Given information =
○ ○ ○ ○
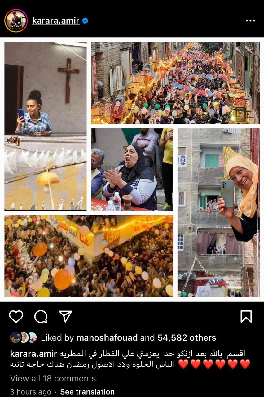 وكتب أمير كرارة من خلال حسابه الشخصي على موقع التواصل الاجتماعى "إنستجرام": "أقسم بالله بعد إذنكو حد يعزمني على الفطار في المطرية الناس الحلوة ولاد الأصول رمضان هناك حاجة تانية".
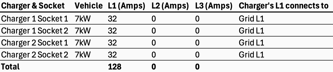 Result: 128A on L1 exceeds the 100A site limit. The L1 circuit breaker trips, or load management must aggressively curtail all charging (e.g. to 16A instead of 32A), even though L2 and L3 have zero load.
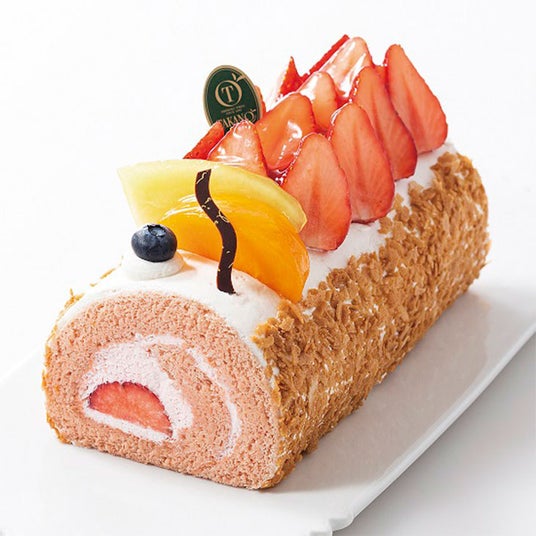 苺風味のスポンジで苺を巻いたロールケーキ。飾りの苺などで鯉のぼりに見立てました。
○ ○ ○ ○
Task objective = Find the line containing "Result: 128A on" in the listing above. Please restate word for word that line through the last one, leaving out the pictures.

Answer section =
 Result: 128A on L1 exceeds the 100A site limit. The L1 circuit breaker trips, or load management must aggressively curtail all charging (e.g. to 16A instead of 32A), even though L2 and L3 have zero load.
 苺風味のスポンジで苺を巻いたロールケーキ。飾りの苺などで鯉のぼりに見立てました。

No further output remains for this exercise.